Exercise input –
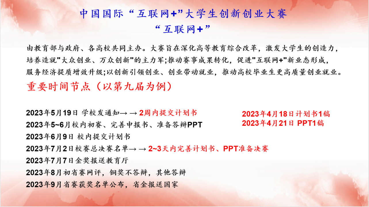 会上何艳慧老师分别以中国国际“互联网+”大学生创新创业大赛、“挑战杯”全国大学生课外学术科技作品竞赛和全国大学生创业计划竞赛作为重要学科竞赛的范例,进行了赛事的简介、具体要求和材料提交时间节点的详细介绍。
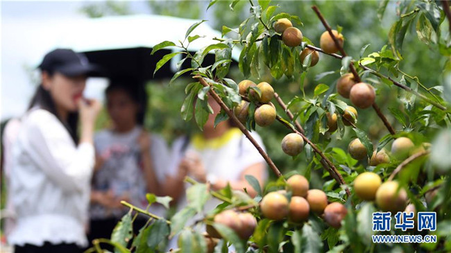 6月11日,游客在欽南區(qū)那麗鎮(zhèn)殿艮村的“扶貧李園”游玩。
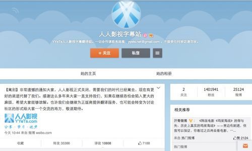 2014年12月20日上午,人人影視官方微博發布了一條消息稱,人人影視正式關閉,未來或繼續為正版商提供翻譯服務,也可能會轉變為討論社區。人人影視陪伴了我們多年,關于人人影視,你應該知道這8件事
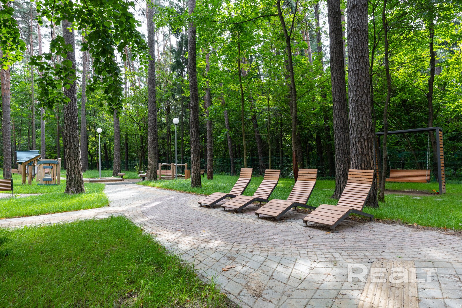 Конечно, одно из главных украшений комплекса — настоящий лес с взрослыми соснами прямо под окнами. Во дворе тут предусмотрены скамейки, детские площадки и велобоксы. Проникновению внутрь посторонних препятствует еврозабор.
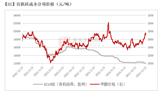 • 原料端,甲醇市场价格重心上移,买兴氛围由强转弱;有机硅厂与421#生产厂家多为长单签订,工业硅价格波动不大。较12月20日,工业硅421#(有机硅用)价格环比持平于12100元/吨,甲醇价格环比上涨35.84元/吨至2711.67元/吨。
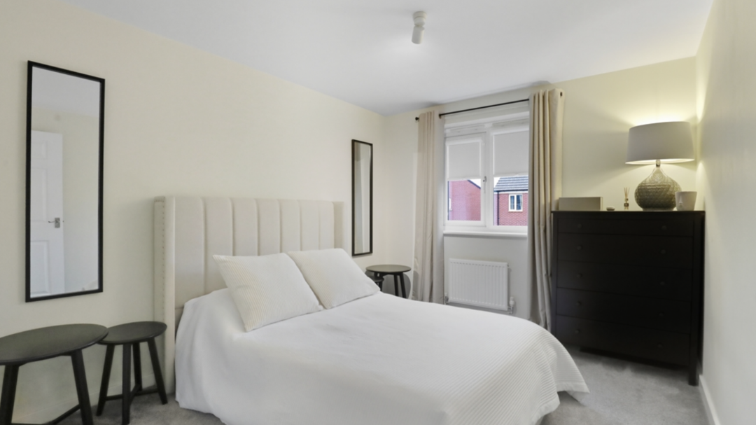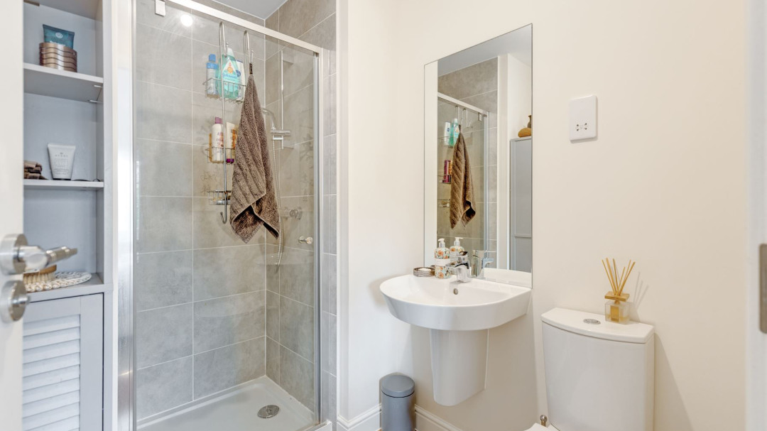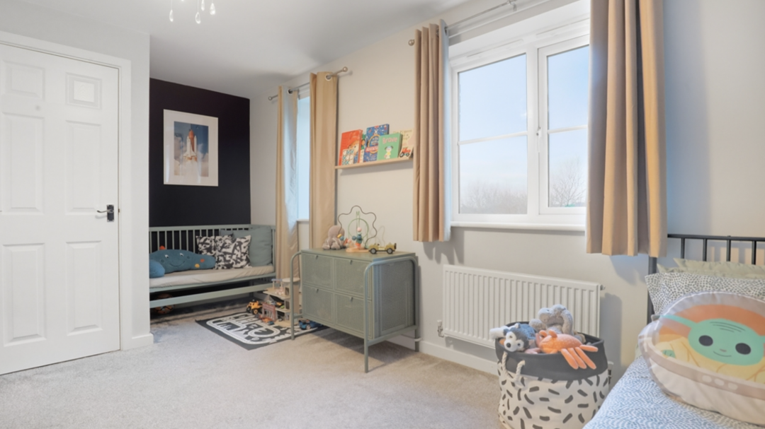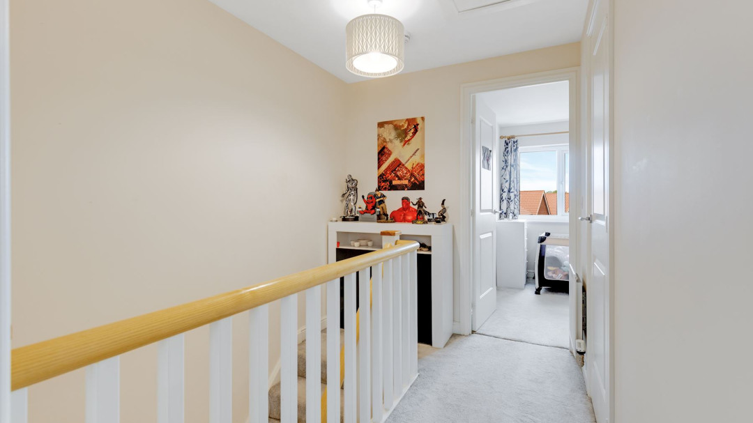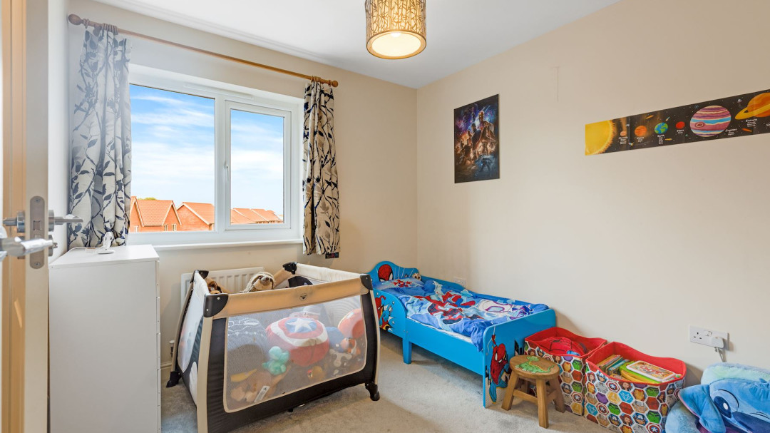 Upstairs, the three generously proportioned bedrooms all benefit from good ceiling heights, soft neutral decor, and pleasant outlooks. The master bedroom includes fitted wardrobes, while the other two rooms are versatile for children, guests, or home office use.The property benefits from two modern, bright bathrooms: a family bathroom with bath and overhead shower, and a separate toilet bathroom featuring contemporary tiling wall for a fresh, spa-inspired feel.

What is expected – Without including any pictures, return every line of the records exactly.

Exercise response –
 会上何艳慧老师分别以中国国际“互联网+”大学生创新创业大赛、“挑战杯”全国大学生课外学术科技作品竞赛和全国大学生创业计划竞赛作为重要学科竞赛的范例,进行了赛事的简介、具体要求和材料提交时间节点的详细介绍。
 6月11日,游客在欽南區(qū)那麗鎮(zhèn)殿艮村的“扶貧李園”游玩。
 2014年12月20日上午,人人影視官方微博發布了一條消息稱,人人影視正式關閉,未來或繼續為正版商提供翻譯服務,也可能會轉變為討論社區。人人影視陪伴了我們多年,關于人人影視,你應該知道這8件事
 Конечно, одно из главных украшений комплекса — настоящий лес с взрослыми соснами прямо под окнами. Во дворе тут предусмотрены скамейки, детские площадки и велобоксы. Проникновению внутрь посторонних препятствует еврозабор.
 • 原料端,甲醇市场价格重心上移,买兴氛围由强转弱;有机硅厂与421#生产厂家多为长单签订,工业硅价格波动不大。较12月20日,工业硅421#(有机硅用)价格环比持平于12100元/吨,甲醇价格环比上涨35.84元/吨至2711.67元/吨。
 Upstairs, the three generously proportioned bedrooms all benefit from good ceiling heights, soft neutral decor, and pleasant outlooks. The master bedroom includes fitted wardrobes, while the other two rooms are versatile for children, guests, or home office use.The property benefits from two modern, bright bathrooms: a family bathroom with bath and overhead shower, and a separate toilet bathroom featuring contemporary tiling wall for a fresh, spa-inspired feel.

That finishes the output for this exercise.